We're moving off the island of Manhattan for this one. Italian ices are the official summer treat in Brooklyn and Queens, thanks in part to their vibrant Italian communities. Italian ices is a slightly more American take on granita; both are made with natural fruit or fruit flavorings and lack dairy. While you may be familiar with franchises like Uncle Louie G's and Ralph's (both of which started in NYC), New Yorkers mean something entirely different when ordering an ice. 

A New York ice refers to a classic lemon Italian ice served at an old school, Italian mom-and-pop joint. It should be light, sweet, and refreshing enough to make you ask for a second scoop. 

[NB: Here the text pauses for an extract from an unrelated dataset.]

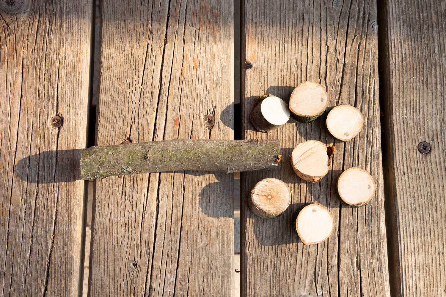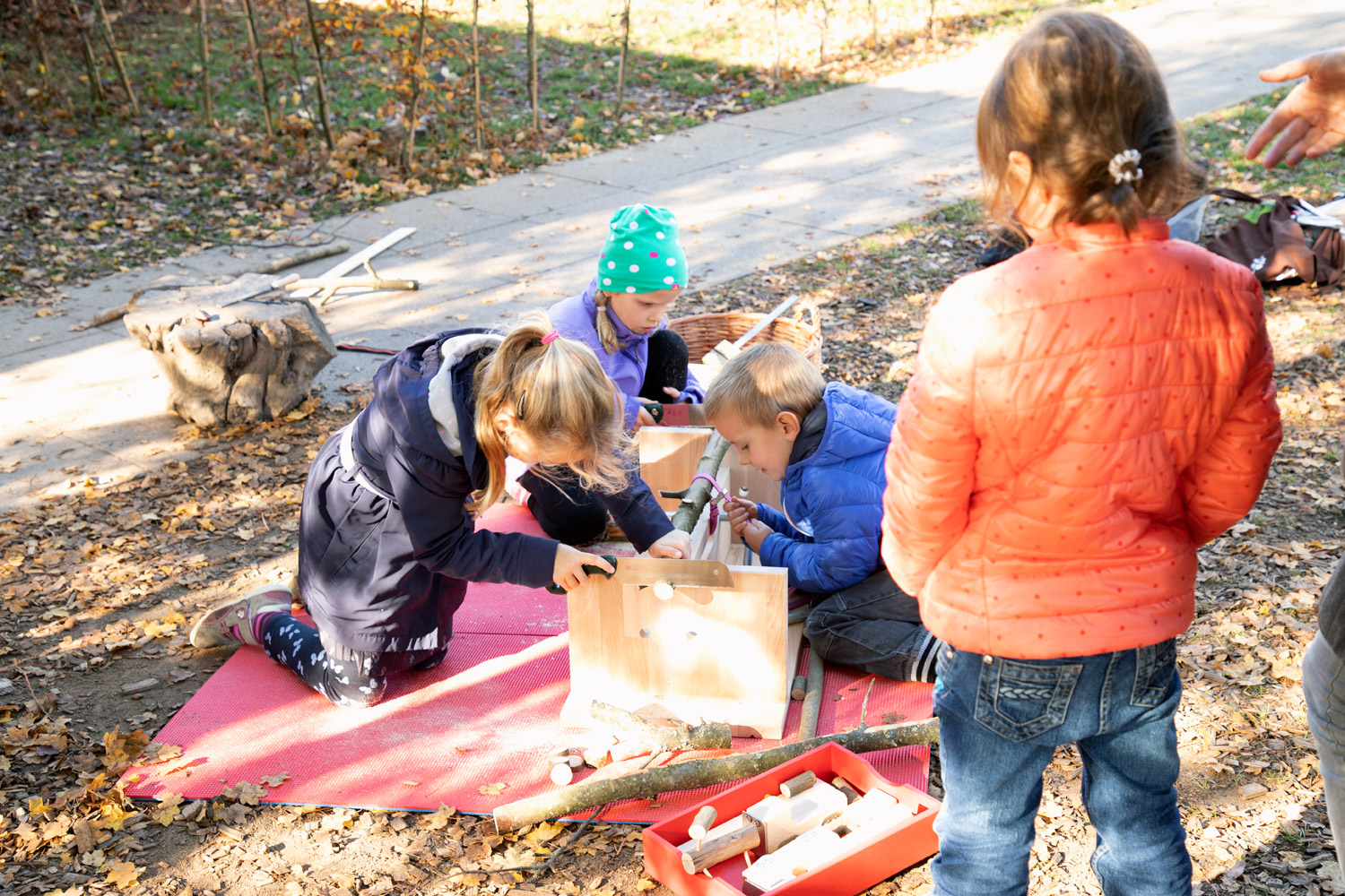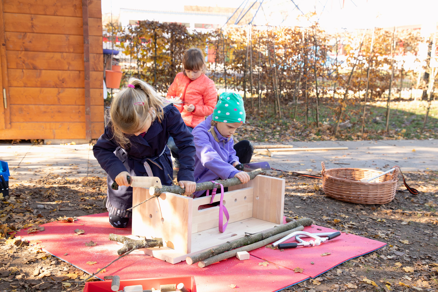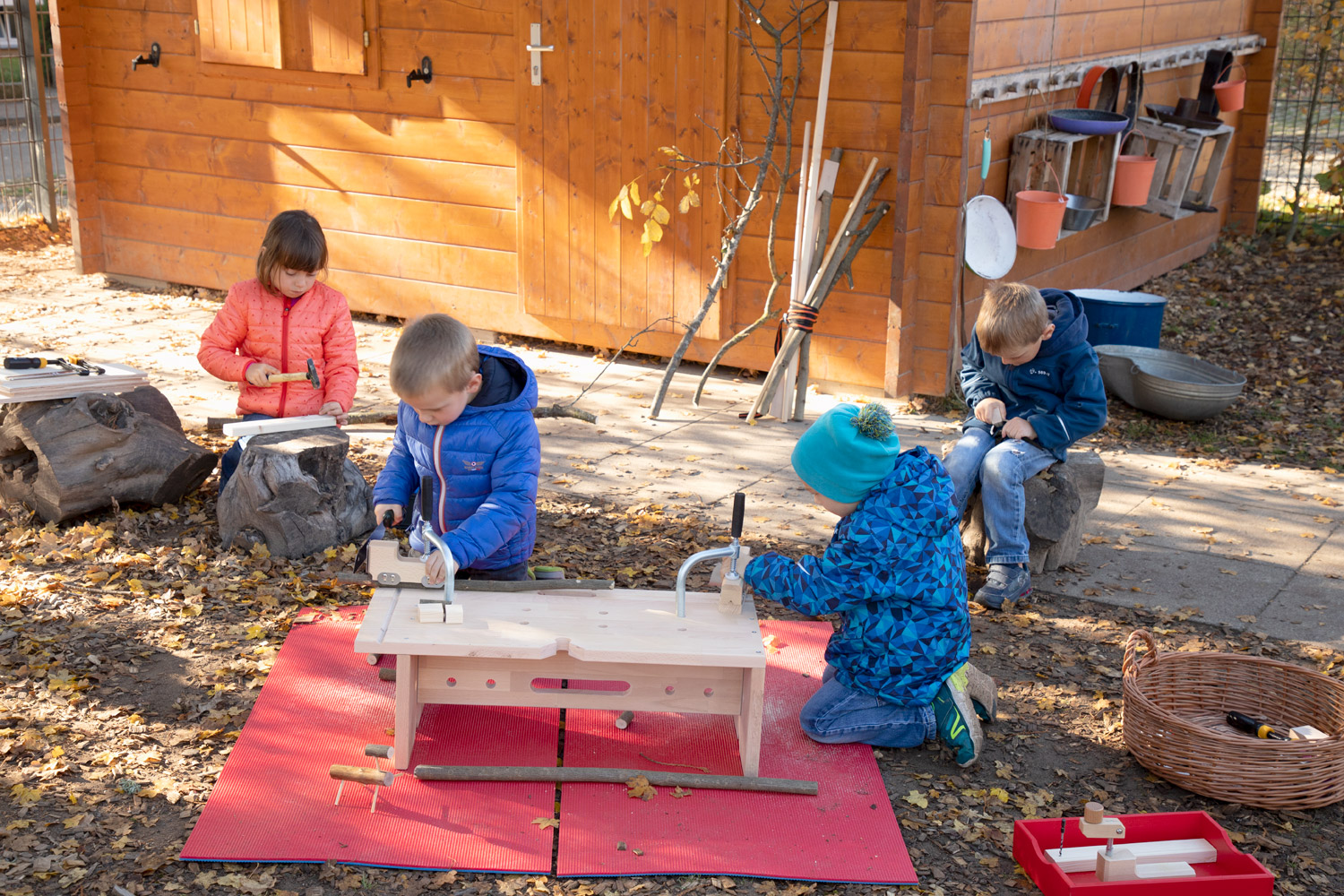 Die Dusy Werkbank ist klein - so kann sie leicht an den richtigen Ort getragen werden - drinnen und draußen: in den Projektraum, in die schattige Ecke, unters Vordach, in den Werkraum. Draußen gibt es viel Platz zum Hantieren und Zuschauen, Geräusche verhallen und Sägemehl muss nicht gefegt werden. Die niedrige Bank steht immer stabil. 2 Kinder können daran von allen Seiten arbeiten: stehend mit der Kraft aus dem ganzen Körper, kniend und sitzend für kleine, feine Arbeiten. Festspannen: Die Werkbank wird mit zwei Schraubzwingen geliefert, die zum Festspannen in die Bohrungen gesteckt werden. Zusammen mit den Aussparungen und Kerben gibt es viele Möglichkeiten auch runde Werkstücke sicher zu spannen. Größere Kinder schaffen das selbst– Erwachsene sollten dennoch überprüfen und nachziehen. Durch Drehen der Bank finden sich viele Möglichkeiten um z.B. größere Äste auch mit Gurten zu sichern. Arbeitsbereich: Als Unterlage markieren draußen Gymnastikmatten (518 586) eindeutig den Arbeitsbereich und schützen vor einem kalten Boden. Drinnen verhindern sie ein Rutschen auf glatten Böden oder Tischen und die Schallübertragung. Die Werkbank ermöglicht das sichere Gestalten, Forschen und Konstruieren mit freien Materialien.

#SpoonTip: For the best ice that doesn't come for your supermarket's freezer aisle, try Lemon Ice King of Corona or Court Pastry Shop.

8. Patties

When the rest of America hears "beefy patty," memories of hamburgers and barbecues appear. When New Yorkers hear those same words, they think of Jamaican beef patties, a savory turnover consisting of a flaky pastry spiced with turmeric and filled with spicy ground beef. Served in pizza shops throughout the Bronx and Queens, patties are proliferating. NYC schools served more than 3 million patty hot lunches in 2016. 

Those in the know sandwich their patties in between coco bread for a sweet balance to  the spicy patty. 

#SpoonTip: If you live in the boroughs, chances are a nearby pizza shop has your patty cravings covered. If not, franchises like Golden Krust sell frozen versions in your supermarket's freezer aisle.

9. Dog

No, I'm not talking about man's best friend. Dog is slang for a New York style hot dog, typically Kosher and topped with brown mustard and sauerkraut. This dog traces its roots back to 1851 when butcher Charles Feltman opened a hot dog stand on none other than Coney Island. These all beef sausages have been associated with New York ever since, thanks to a New York Journal writer popularizing the term in 1901.  

#SpoonTip: Sometimes a Yankee stadium dog just won't do, especially if it's off season. For a dog that's always up to snuff, head to Nathan's of Coney Island

There you have it folks. Use this New York City food slang, walk fast, and stand clear of the closing doors and you'll be a New Yorker through and through in no time.